DIRECTIONS -
Restate all of the entries exactly, dropping any pictures they hold.

[[ EXCERPTED RECORDS, beginning ]]

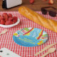 Lassen Sie sich bei einer Kindergeburtstagsfeier in einem Aquapark, einem Schwimmclub oder einem Pad mit dieser Papiertüte verwöhnen. Das Wasser schlängelt sich über eine hellgelbe Rutsche und stürzt sich in einen hellblauen Pool voller Schwimmbecken und Spaß an einem Sommertag. Verfügbar mit passenden Produkten.
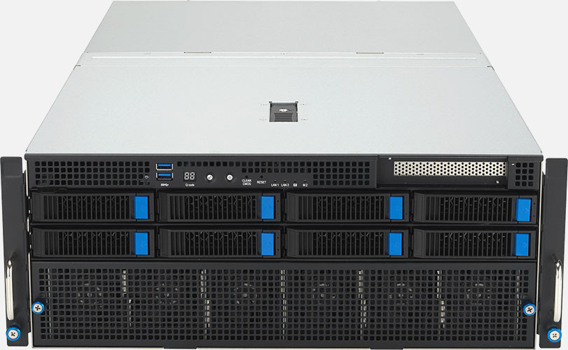 Dual 4th Gen Intel Xeon Scalable Processors, Supports up to 8x double slot GPU cards, Quad 2600W redundant power supply, 8x 3.5"/2.5" NVMe/SATA/SAS hot-swappable drive bays.
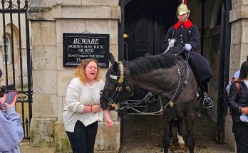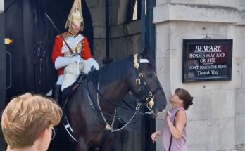 Heartwarming: Guard Lets Woman Stroke the Horse! A touching moment at Horse Guards Parade as a King’s Guard gently nods …
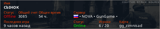 Играет на Counter Strike Source сервере. Страна: РоссияПервый раз замечен 15:17 25.04.2024
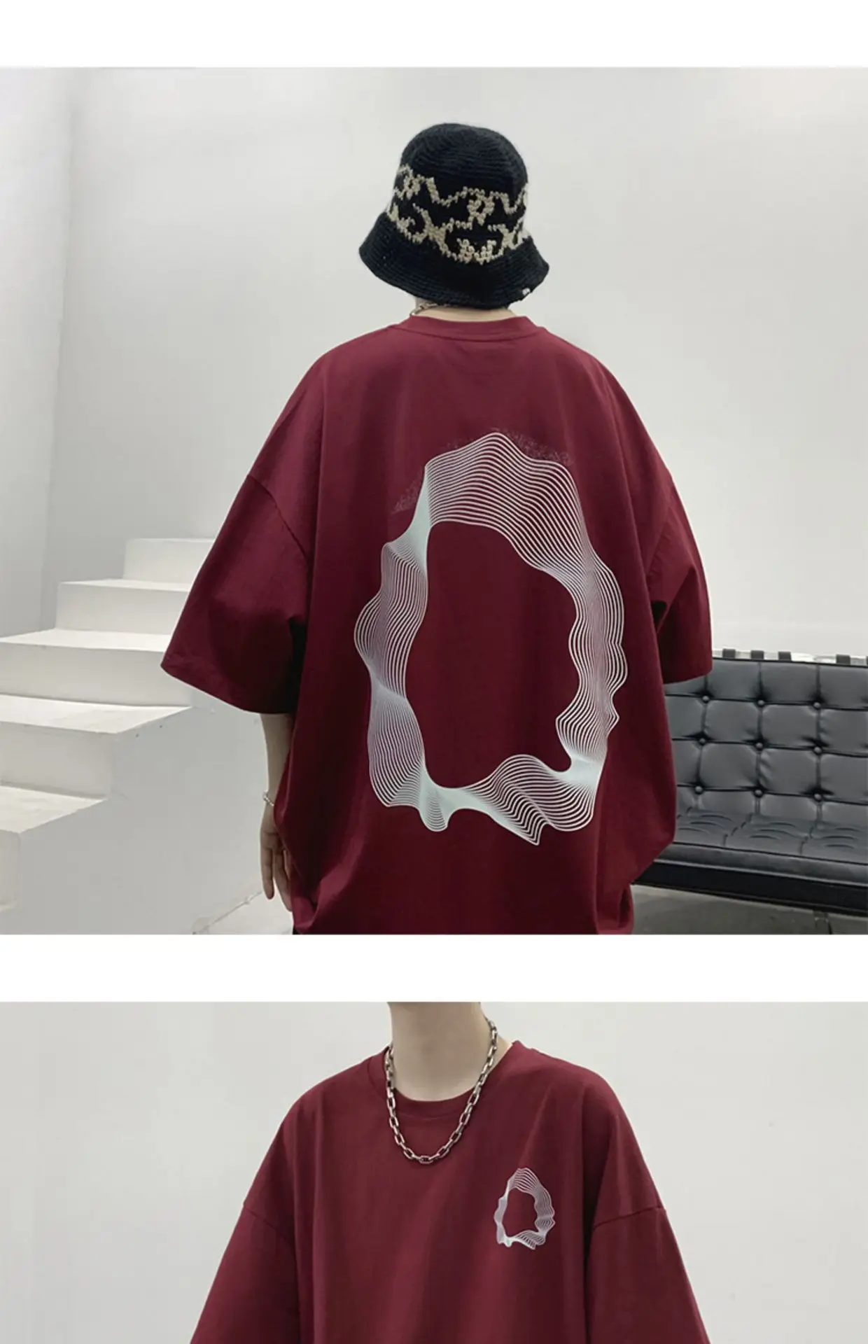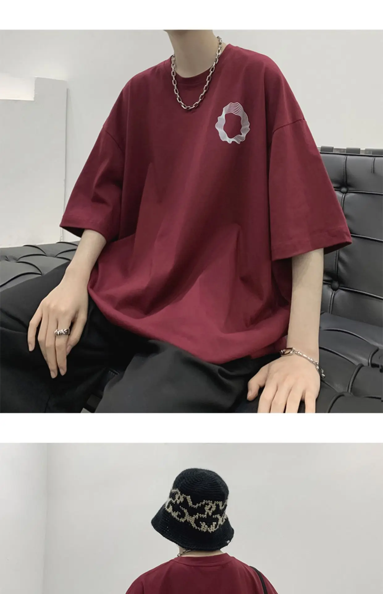 Hearujoy Korean Fashion Oversized T Shirt Summer Burgundy Retro Graphic T Shirts Short-sleeved Cotton Loose Streetwear Y2K Tops for Women
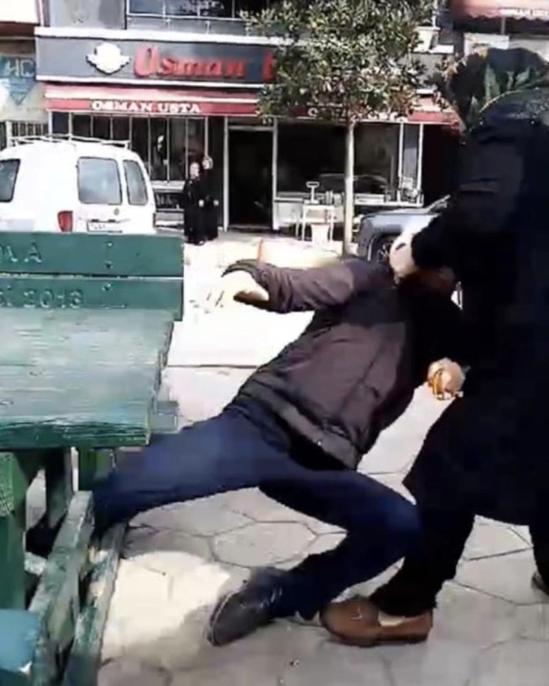İlçe merkezinde bulunan parkın ortasında adama tokat atarak evire çevire dövdü.
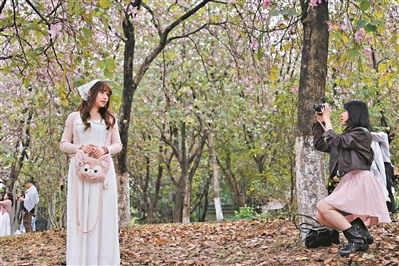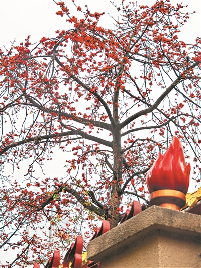 海珠國家濕地公園里,宮粉紫荊與櫻花相繼綻放,粉白花海在水岸之間延伸;華南農業(yè)大學紫荊大道上,花枝如云,微風拂過,花瓣輕輕飄落,鋪成一條淡紫色的花路;中山紀念堂前,古木棉年年如約盛開,紅花高舉,與古建筑相映生輝。流花湖畔、二沙島邊、閱江路沿線,三角梅、紫荊、木棉次第開放,讓整座城市仿佛生長在花海之中。
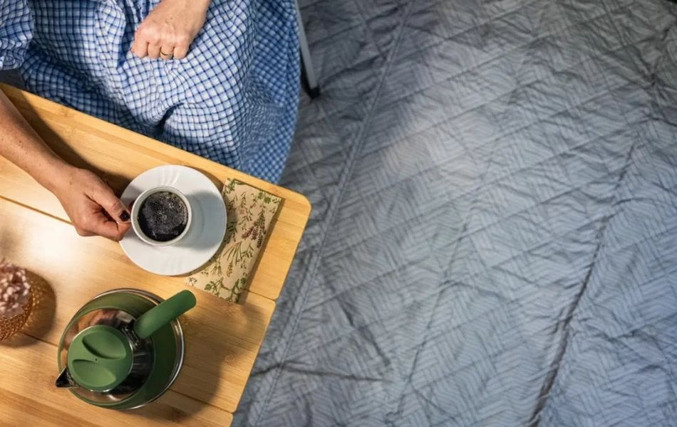 Outwell Matta Cozy Colorado 5 Air giver maksimal komfort med en blød overflade, der føles behagelig under fødderne. Den isolerende fyld holder kulden væk på kolde morgener og gør gulvet behageligt at gå på.
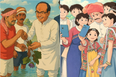 एमपी के पूर्व सीएम व वर्तमान केंद्रीयमंत्री शिवराज सिंह चौहान ने अपना Ghibli इमेज शेयर करते हुए लिखा कि, 'बिहार के दरभंगा में Ghibli जादू को अपनाते हुए। मखाना किसानों के साथ तालाब में खड़े होकर बीज बोना परंपरा और कलात्मकता का एक अद्भुत मिश्रण है।
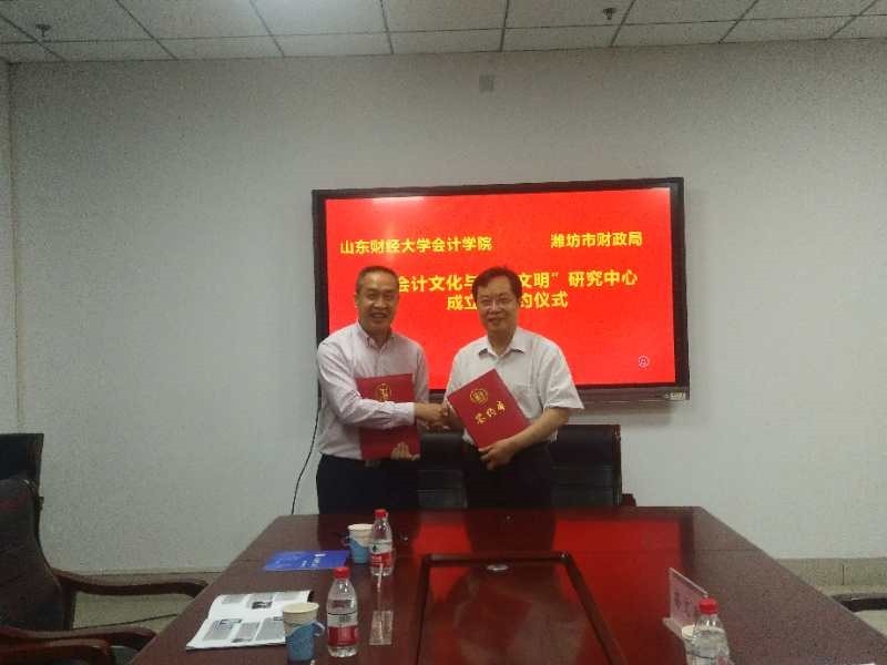 6月12日上午,由山东财经大学会计学院、山东会计博物馆(筹)和山东省潍坊市财政局联合成立的“会计文化与东方文明”研究中心签约仪式在山东财经大学燕山校区举行。潍坊市财政局副局长王献之、山东会计博物馆筹建处主任王增堂、会计科科长周曰海、山东会计博物馆筹建处副主任赵良奎,以及山东财经大学会计学院王爱国、副院长孙文刚、会计思想史研究所所长吴大新出席签约仪式。仪式由孙文刚主持。
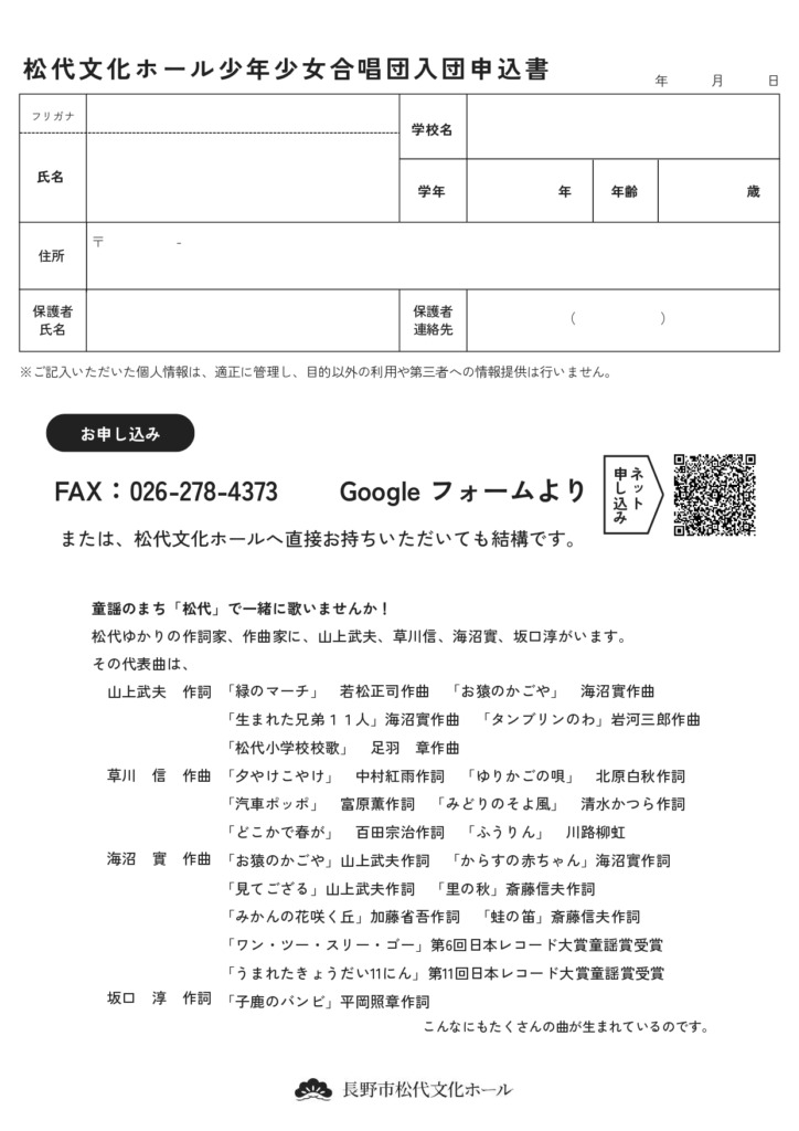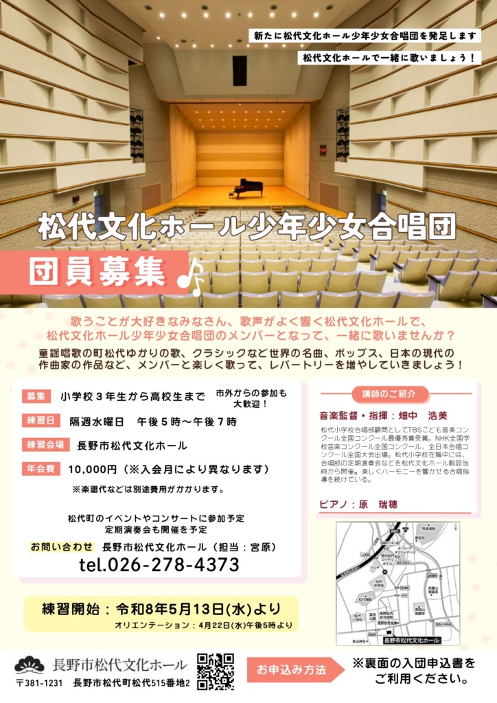 松代文化ホールでは、新たに「松代文化ホール少年少女合唱団」の活動を開始します。歌うことが大好きなみなさん、合唱団のメンバーとなって一緒に歌いませんか。参加ご希望のかた、お申し込みをお待ちしています。
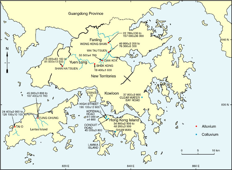 TL and OSL ages have been reported by Lai, (1998) from the Chek Lap Kok Formation in the northeastern New Territories (Figure 11.4). For the Shan Ha Tsuen Member, these ages range from TL dates of 23 800 ± 2 000 years BP (State Seismological Bureau, China) to 79 000 ± 6 300 years BP (Guangdong Institute of Geological Science). For the Wong Kong Shan Member, the dates range from 126 100 ± 10 100 years BP for a TL date (State Seismological Bureau, China) to an OSL date of 157 500 ± 36 300 years BP (University College of Wales).
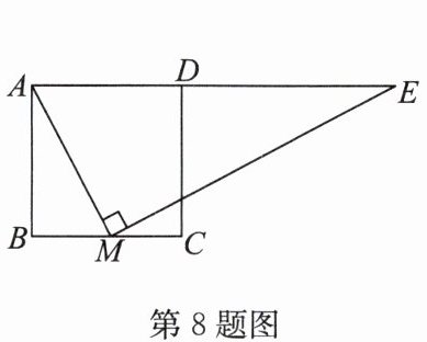 8. 如图,在正方形$ABCD$中,$M$为$BC$上一点,$ME⊥ AM$,$ME$交$AD$的延长线于点$E$。若$AB = 12$,$BM = 5$,则$DE$的长为(
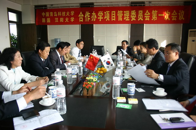 李庆领副董事长和汉阳大学元亭渊副董事长都表示希望同学们奋发学习,学好韩语和专业课,为三年后赴汉阳大学继续深造打好基础。中韩两校都希望进一步加强交流与合作,共同努力把该项目办成一个优秀的合作办学项目。会后双方教授就专业课设置、师生对等交流等事宜进行了具体协商。
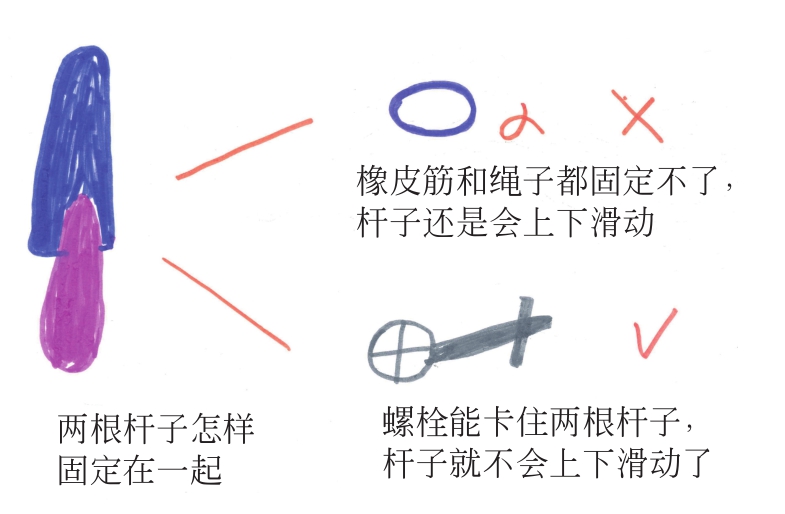 馨予:我们可以用橡皮筋来固定杆子,用绳子也可以。

[[ EXCERPTED RECORDS, end ]]

OUTPUT OF THE TASK -
 Lassen Sie sich bei einer Kindergeburtstagsfeier in einem Aquapark, einem Schwimmclub oder einem Pad mit dieser Papiertüte verwöhnen. Das Wasser schlängelt sich über eine hellgelbe Rutsche und stürzt sich in einen hellblauen Pool voller Schwimmbecken und Spaß an einem Sommertag. Verfügbar mit passenden Produkten.
 Dual 4th Gen Intel Xeon Scalable Processors, Supports up to 8x double slot GPU cards, Quad 2600W redundant power supply, 8x 3.5"/2.5" NVMe/SATA/SAS hot-swappable drive bays.
 Heartwarming: Guard Lets Woman Stroke the Horse! A touching moment at Horse Guards Parade as a King’s Guard gently nods …
 Играет на Counter Strike Source сервере. Страна: РоссияПервый раз замечен 15:17 25.04.2024
 Hearujoy Korean Fashion Oversized T Shirt Summer Burgundy Retro Graphic T Shirts Short-sleeved Cotton Loose Streetwear Y2K Tops for Women
İlçe merkezinde bulunan parkın ortasında adama tokat atarak evire çevire dövdü.
 海珠國家濕地公園里,宮粉紫荊與櫻花相繼綻放,粉白花海在水岸之間延伸;華南農業(yè)大學紫荊大道上,花枝如云,微風拂過,花瓣輕輕飄落,鋪成一條淡紫色的花路;中山紀念堂前,古木棉年年如約盛開,紅花高舉,與古建筑相映生輝。流花湖畔、二沙島邊、閱江路沿線,三角梅、紫荊、木棉次第開放,讓整座城市仿佛生長在花海之中。
 Outwell Matta Cozy Colorado 5 Air giver maksimal komfort med en blød overflade, der føles behagelig under fødderne. Den isolerende fyld holder kulden væk på kolde morgener og gør gulvet behageligt at gå på.
 एमपी के पूर्व सीएम व वर्तमान केंद्रीयमंत्री शिवराज सिंह चौहान ने अपना Ghibli इमेज शेयर करते हुए लिखा कि, 'बिहार के दरभंगा में Ghibli जादू को अपनाते हुए। मखाना किसानों के साथ तालाब में खड़े होकर बीज बोना परंपरा और कलात्मकता का एक अद्भुत मिश्रण है।
 6月12日上午,由山东财经大学会计学院、山东会计博物馆(筹)和山东省潍坊市财政局联合成立的“会计文化与东方文明”研究中心签约仪式在山东财经大学燕山校区举行。潍坊市财政局副局长王献之、山东会计博物馆筹建处主任王增堂、会计科科长周曰海、山东会计博物馆筹建处副主任赵良奎,以及山东财经大学会计学院王爱国、副院长孙文刚、会计思想史研究所所长吴大新出席签约仪式。仪式由孙文刚主持。
 松代文化ホールでは、新たに「松代文化ホール少年少女合唱団」の活動を開始します。歌うことが大好きなみなさん、合唱団のメンバーとなって一緒に歌いませんか。参加ご希望のかた、お申し込みをお待ちしています。
 TL and OSL ages have been reported by Lai, (1998) from the Chek Lap Kok Formation in the northeastern New Territories (Figure 11.4). For the Shan Ha Tsuen Member, these ages range from TL dates of 23 800 ± 2 000 years BP (State Seismological Bureau, China) to 79 000 ± 6 300 years BP (Guangdong Institute of Geological Science). For the Wong Kong Shan Member, the dates range from 126 100 ± 10 100 years BP for a TL date (State Seismological Bureau, China) to an OSL date of 157 500 ± 36 300 years BP (University College of Wales).
 8. 如图,在正方形$ABCD$中,$M$为$BC$上一点,$ME⊥ AM$,$ME$交$AD$的延长线于点$E$。若$AB = 12$,$BM = 5$,则$DE$的长为(
 李庆领副董事长和汉阳大学元亭渊副董事长都表示希望同学们奋发学习,学好韩语和专业课,为三年后赴汉阳大学继续深造打好基础。中韩两校都希望进一步加强交流与合作,共同努力把该项目办成一个优秀的合作办学项目。会后双方教授就专业课设置、师生对等交流等事宜进行了具体协商。
 馨予:我们可以用橡皮筋来固定杆子,用绳子也可以。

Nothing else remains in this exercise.